Sunday, September 14, 2014

Pepperdine University - History, Page 2

MOVING INTO THE 21ST CENTURY (1987 - present)
From Ivory Tower to “Network of Light”

During his 15-year tenure (1985-2000), President Davenport intentionally shifted the operational paradigm of how the University thought of itself, away from a traditional, hierarchical structure of administration, with a central “ivory tower” and subordinate silos of educational power and influence at each of the schools. Davenport often invoked the metaphor of knowledge as light, passed in all directions through an optical network both transparent and clear. This change in thinking evolved twofold into a collaborative management model wherein both outsiders and University administrators could provide input and feedback, and into the separation of schools for the purpose of allowing them to autonomously develop innovative programs to meet the ever-changing needs of students.
Between 1988 and 1990, GSEP added master’s degree programs in educational technology, school business administration, and clinical psychology. In 1988 GSEP was the first of Pepperdine’s schools to call a female dean, Dr. Nancy Magnusson Fagan. The School of Business and Management (SBM) added master’s degrees in technology management and international business. During this period, Seaver College instituted a Great Books curriculum modeled after the University of Chicago’s, and the Institute of Dispute Resolution began offering a postgraduate certificate (to be followed with an offering of a master of dispute resolution in 1995). As the programs of GSEP and SBM grew, so did the demand throughout the Southland, and graduate campus spaces were leased in Long Beach (1990) and Westlake Village (1995).

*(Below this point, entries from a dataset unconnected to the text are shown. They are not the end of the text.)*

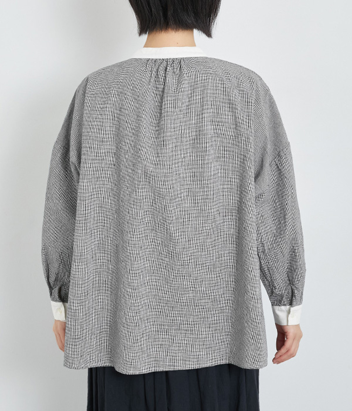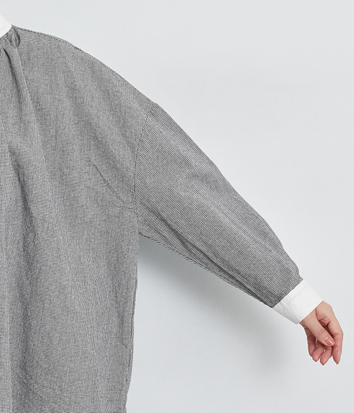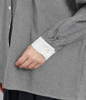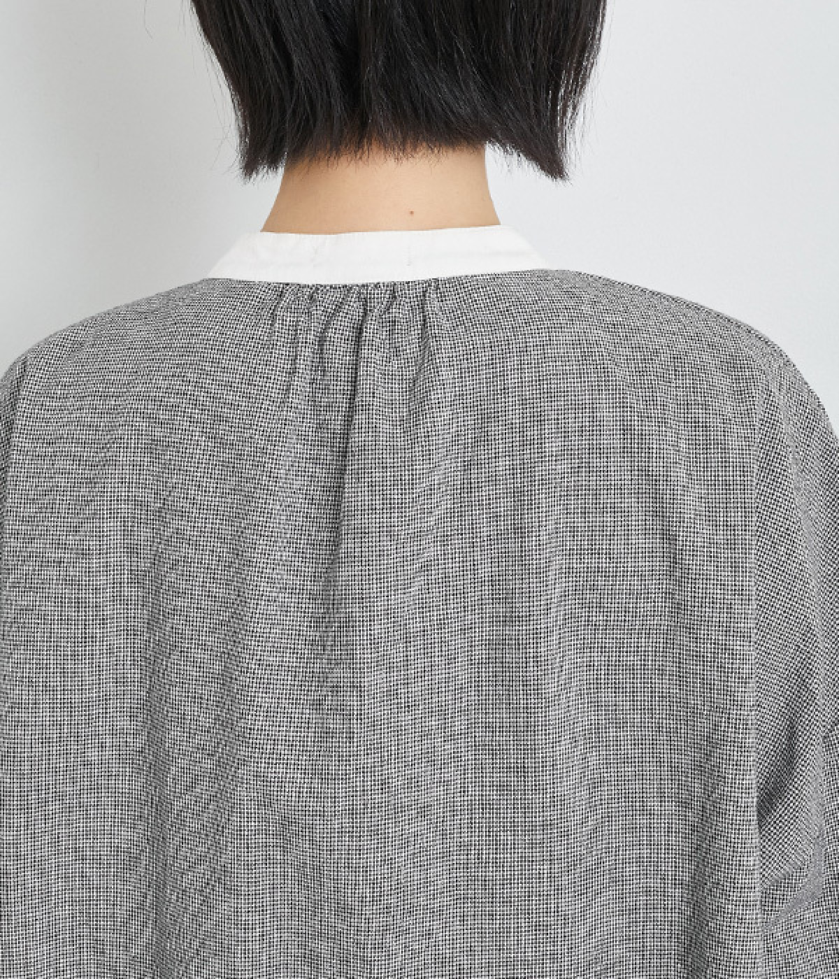 さらりとした質感を持ち、肌なじみのよいコットン素材を使用しています。無地見えする細かな千鳥格子がシックな着こなしを演出。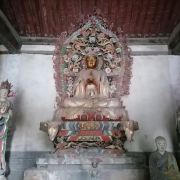 寺分三进院,前院的龙王庙、戏楼已无存。中院现存东配殿和大佛阁。阁内大佛高9米,结跏趺坐于佛坛上。大佛面目慈祥,袒胸,双肩有披饰,两手叠压,手掌朝上;身后彩绘背光。整个塑像造型庄重丰满,衣纹线条流畅,色泽明快。坛下两侧立有胁侍菩萨两尊,比例适度,为明代遗物。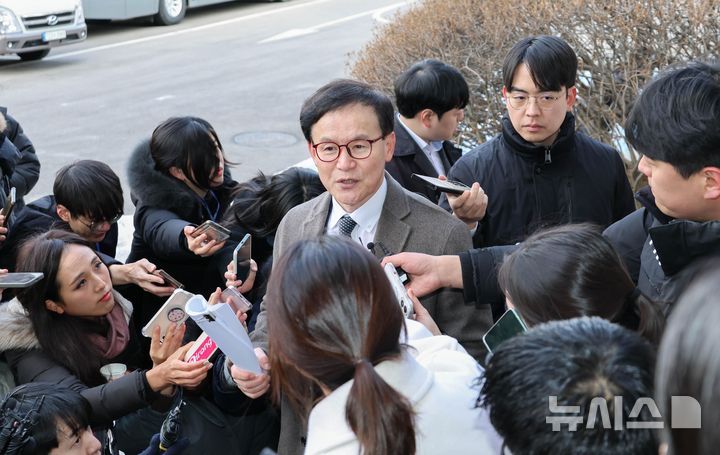 [서울=뉴시스] 이영환 기자 = 윤석열 대통령의 법률대리인인 배진한 변호사가 3일 서울 종로구 헌법재판소 소심판정에서 열린 윤석열 대통령 탄핵 사건에 대한 2차 변론준비기일에 출석하며 취재진 질문에 답하고 있다. (공동취재) 2025.01.03. [email protected]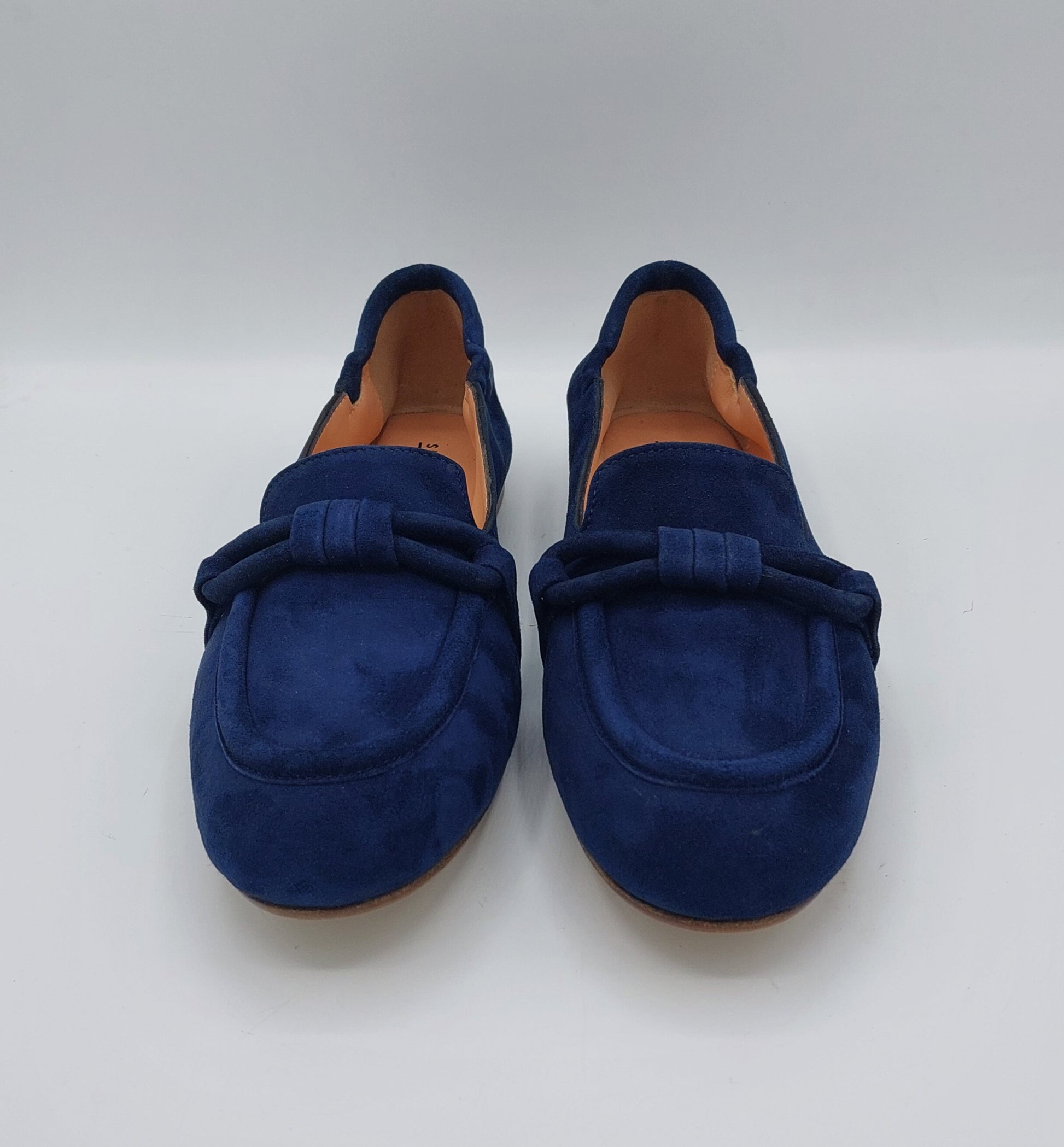 Mocassini in camoscio blu con fiocco in tinta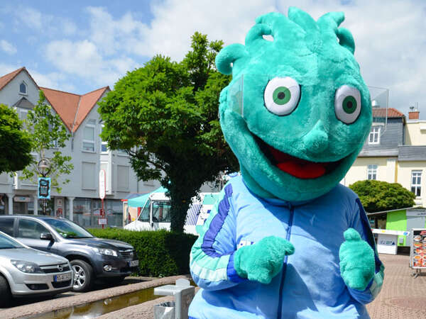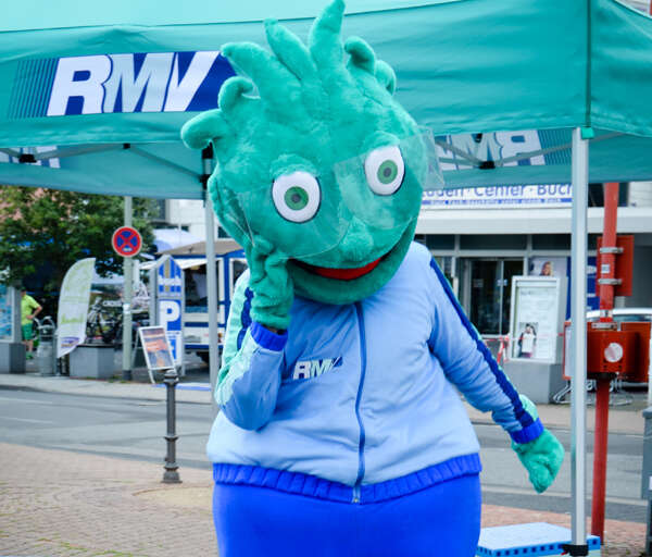 "Ui, lass mich überlegen. Wir hatten zum 20-jährigen Jubiläum 2015 ja eine große Tour, da war ich total viel unterwegs: in Frankfurt, Marburg, Hofheim, ach und in Obertshausen und Alsfeld, in Hochheim ... da war überall ordentlich was los. Das absolute Highlight war natürlich das große Bürgerfest zum Tag der Deutschen Einheit in Frankfurt. Da haben wir drei Tage lang richtig gefeiert und Spaß gehabt - vor allem Dance-Mob, bei dem total viele Leute mit mir den BuBa-Tanz zum RMV-Songgemacht haben. Das war spitze! Eigentlich war das fast wie eine Deutschland-Tour von einem Rockstar, nur haben wir eben eine RMV-Tour gemacht, mit mir, dem RMV-Star!"

One of the most significant academic developments of the 1990s was the founding of a new graduate school, the School of Public Policy (SPP) offering the master of public policy degree. Designed to begin first as a freestanding institute of the University in 1996, the school was formally established and admitted students in Fall 1997. Small by comparison to its sisters to this day (total enrollment slightly exceeds 100), SPP offers the master of public policy degree and has developed into the most research-oriented school at the University.
The Malibu Build-out Continues
The build-out of the Malibu campus continued to flurry throughout the early to mid-1990s, seeing the completion of many construction projects including, the Cultural Arts Center, the Towers Residences, and the Howard A. White Student Recreation Center (the HAWC), as well as expansions to the School of Law, Payson Library, and Firestone Fieldhouse. Shortly after the completion of the tennis pavilion in May 1993, Pepperdine hosted the 1995 NCAA Division I Women’s Tennis Western Regional Championships.

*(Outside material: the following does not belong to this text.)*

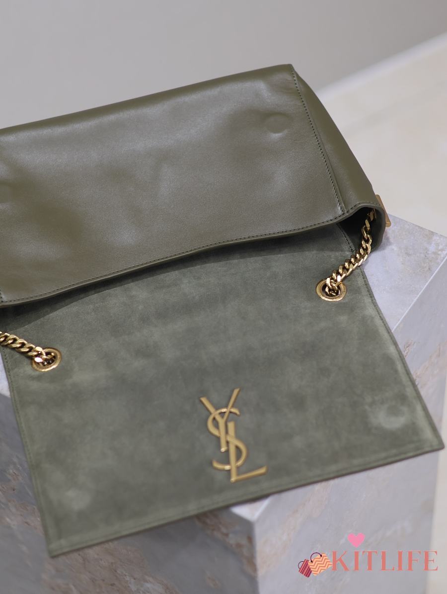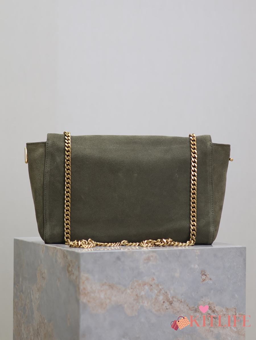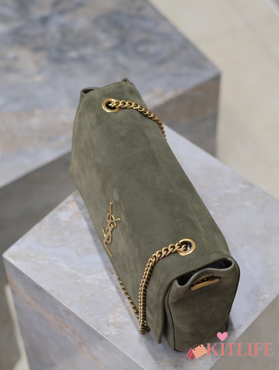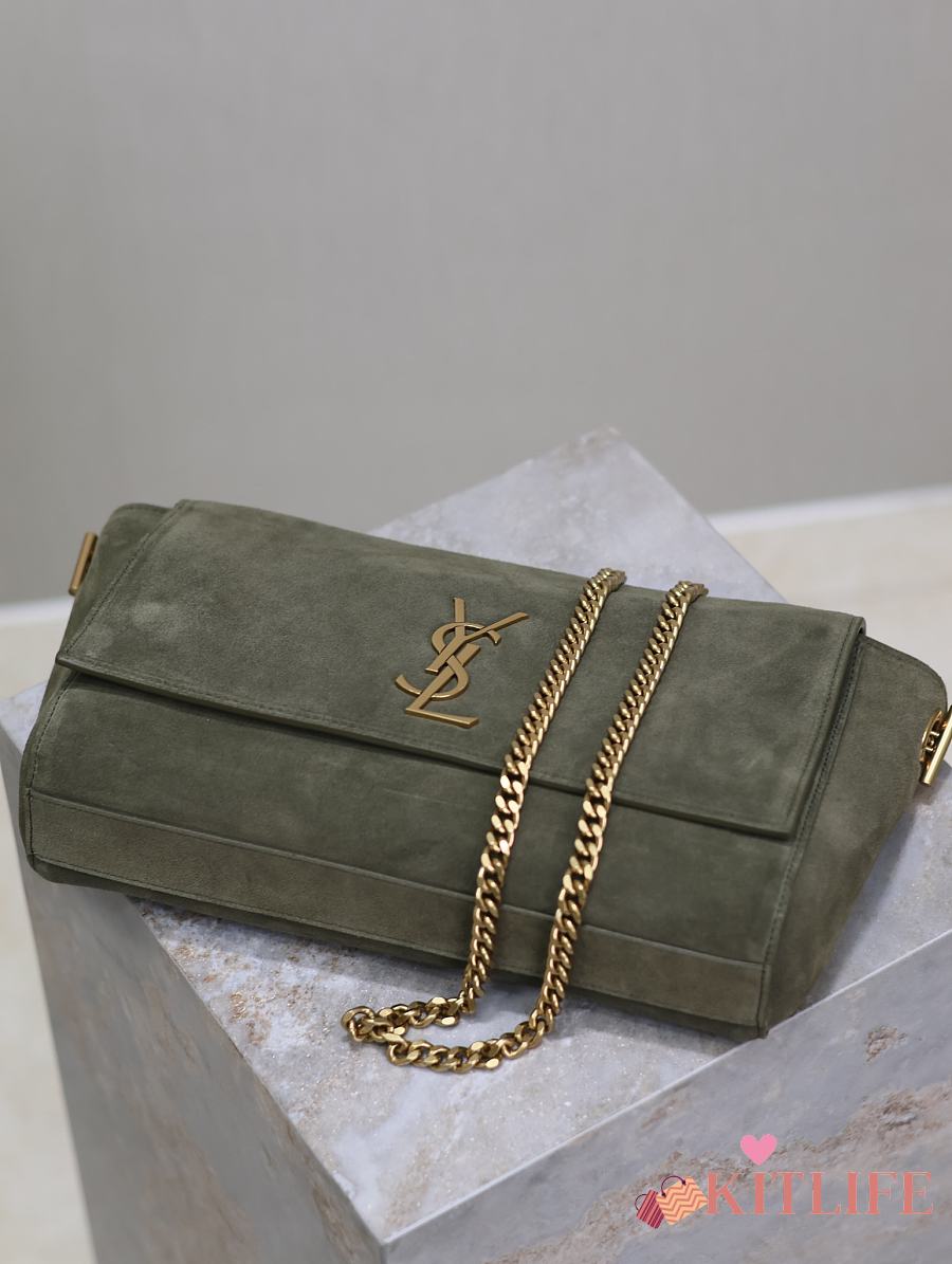 Kitlife Saint Laurent Kate Reversible Khakhi Green Suede & Calfskin Leather Shoulder Bag 553804 28.5x20x6cm

Seaver College’s school spirit soared in 1992 when then-junior Shannon Marketic was crowned Miss USA in February, the men’s volleyball team (aka “The Malibu Roofing Company”) took the NCAA Division I Championship in March, and the baseball team won the College World Series in June. The champion spirit revisited the school a few years later when both the men’s golf and water polo teams claimed NCAA national titles in 1997.
Waves Overseas, a Growing Presence
At this time the University desired at least 50 percent of undergraduate students to participate in international education experiences by providing complete opportunity to do so, also encouraging postgraduates to study abroad. In 1990 the Prince’s Gate London facility opened as the permanent home of the London program, and the Villa DiLoreto and Residenza Tagliaferri properties combined to form the Florence campus in 1995. Short-term programs were added in Madrid and Paris in 1993, and a year later, a Latin American program in Buenos Aires, Argentina, opened its doors to students. The School of Law expanded its London offerings from summer only to a year-round program. Seaver College added an undergraduate major in international business; and in addition to the master of international business established in 1989, the business school expanded the MBA with an international study track.

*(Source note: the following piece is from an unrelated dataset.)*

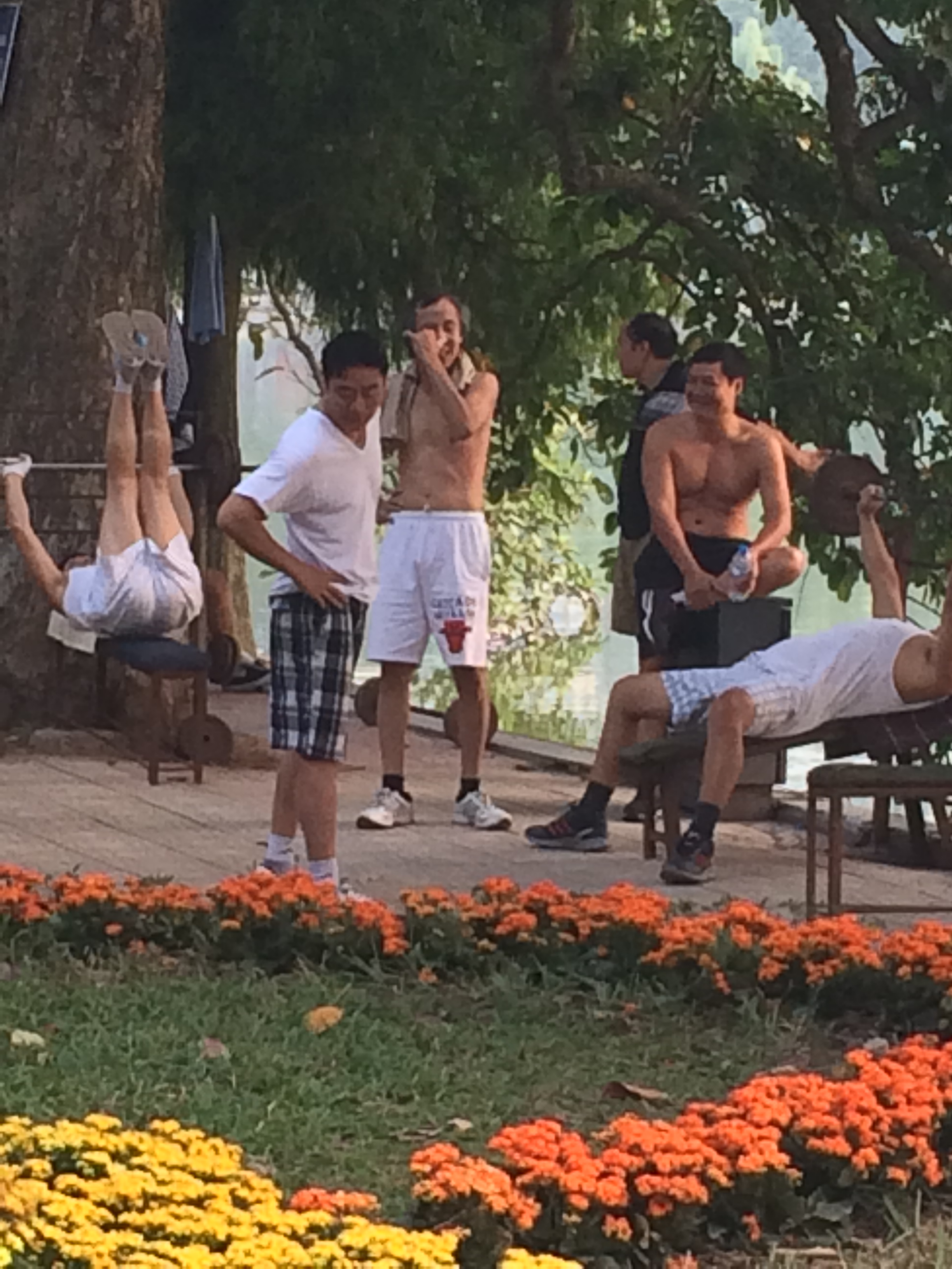 Men brought workout equipment to Hoan Kiem Park to lift.

The University’s growing internationalist tendencies were showcased in the cocurriculum as well. During the USSR’s collapse in the early 1990s, SBM dean Jim Wilburn’s many connections in Russia brought opportunities for him and his Pepperdine colleagues to consult and advise Russian political and business leaders in how to construct a free market economy. In addition to the delegations and panels led by Dean Wilburn, the University enjoyed many Russian cultural exchanges, hosting writers and thinkers throughout the decade. Wilburn left the business school deanship after the 1992-1993 school year and was succeeded by Otis Baskin during whose tenure the school proudly received its full name from benefactor and entrepreneur George L. Graziadio, Jr., in 1996.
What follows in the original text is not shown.